Teraz w marcu/kwietniu to dość często się to dziać zaczęło 4-5x w tyg. więc kupiłem ową kostkę na allegro za 50-60zł nie pamiętam

wymieniłem i od tego momentu mam spokój

Wiec chyba to było to
[ Dodano: 05 Cze 2011 18:57 ]
http://allegro.pl/kostka-stacyjki-fiat- ... 97762.html u tego gościa kupiłem - ale do PII mozna się zapytać

Na foto wygląda tak samo
Stacyjka oryg kosztuje 100-150zł ale z powodu kostki całej stacyjki kupować nie bede
[ Dodano: 05 Cze 2011 18:59 ]
używki bym nie kupował bo można znowu trafić na felerną

A to znowu nie taka rzadka usterka (kilka tematów z takimi/podobnymi objawami były na forum)

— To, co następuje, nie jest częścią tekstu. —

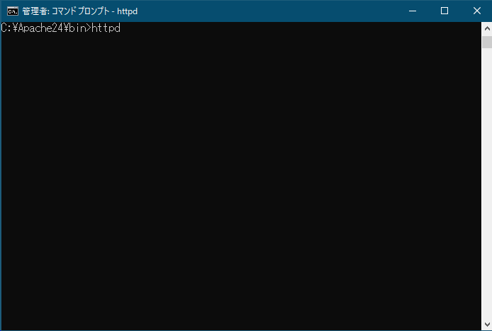 管理者モードのコマンドプロンプトを起動し、「C:\Apache24\bin」に移動し、「httpd」と入力して Enter キーを押すと Apache サーバーが起動します。画面は、下図のように「httpd」で止まったような状態になりますが、Apache は動作し続けています。(終了するには Ctrl + C キーを押します)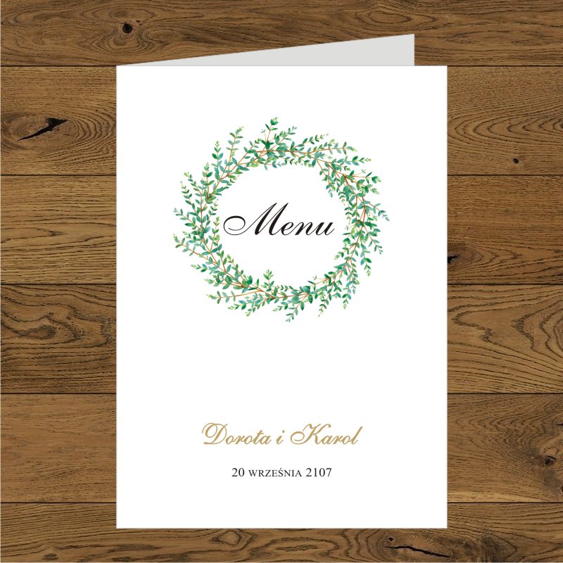 Zaproszenia ślubne rustykalne, boho. Wianek zielone gałązki proste, kwadratowe
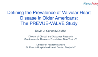 Cohen DJ. Defining the prevalence of valvular heart disease in older Americans: the PREVUE-VALVE study. Presented at: TCT 2025. October 27, 2025. San Francisco, CA.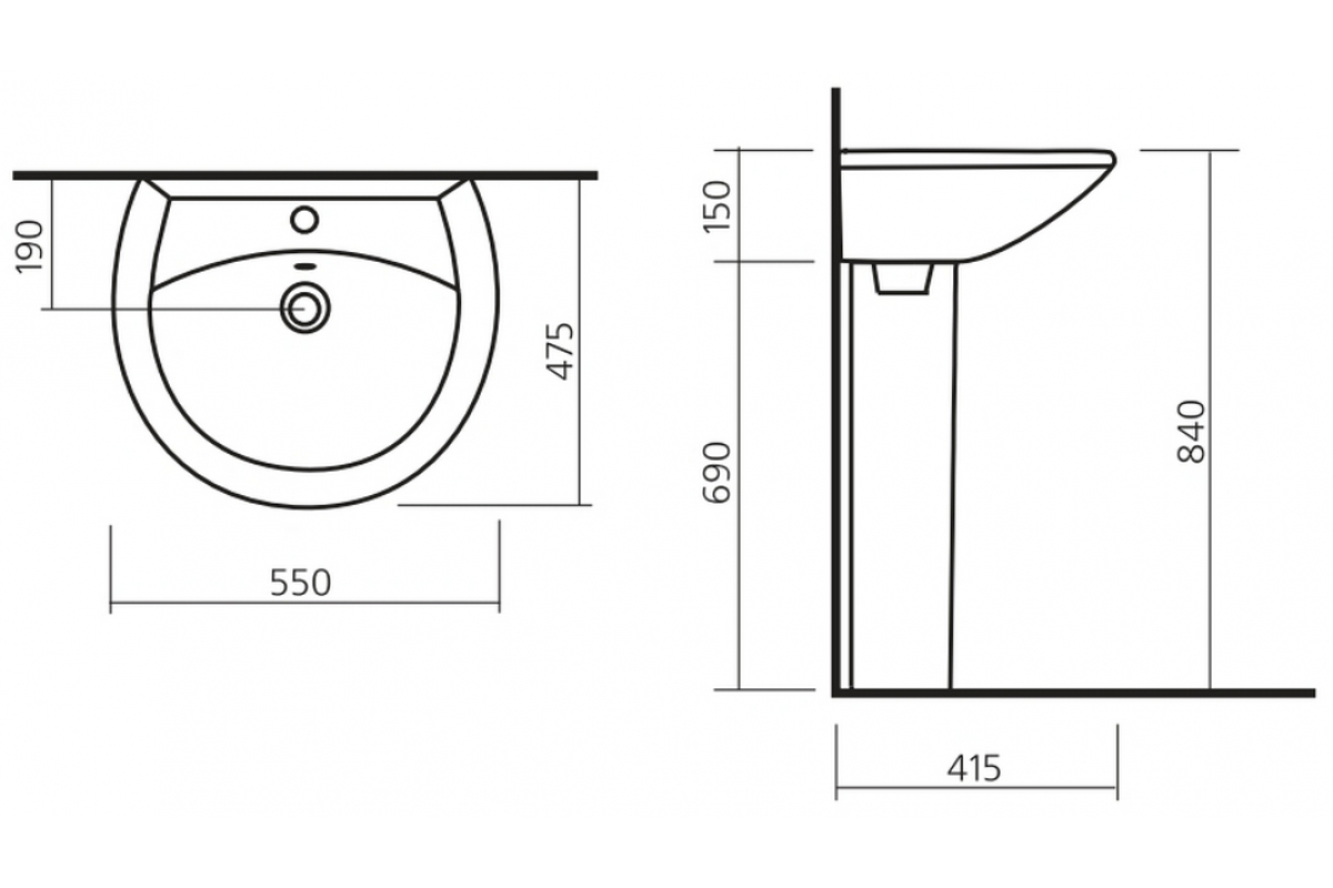 Умывальник с пьедесталом Аттика белый 550*475мм

Swoją drogą ta kostka stacyjki ta co kupiłem czy stara jakościowo - kicha.
[ Dodano: 05 Cze 2011 19:00 ]
stefko napisał(a):
Nie wpadłem na to.... Może zapisać się jakiś komunikat i nic go nie sygnalizuje???
Jedynie co mi pokazywało że w historii zapisała sie lampka code.
[ Dodano: 05 Cze 2011 19:03 ]
Poza tym jest to jedyna usterka elektryki od nowości - teraz prawie 160 000km. Ale pierwszy taki numer zdarzył się we wrześniu/październiku 2008 a wtedy miał nieco ponad 100kkm (100-105)
[ Dodano: 05 Cze 2011 19:10 ]
Na początku myślałem ze to bodykomp pada

Ale drogą dedukcji doszedłem do tego
I patent żeby szybko odpalić i nie stać jak idiota, wstydzić się że nie odpala

- przekręcić na pozycje PARK

i po tym przechodzi. Ale te numery że nie odpalał były w początkowej fazie - 3-4x. Potem zawsze od razu odpalał.
[ Dodano: 05 Cze 2011 19:33 ]
Ogólnie chamska usterka bo żeby ją definitywnie namierzyć trzeba trafić w moment kiedy to się dzieje, a zanim się dobierze człowiek do elektryki to przechodzi. I objawy nigdy nie są w 100% identyczne.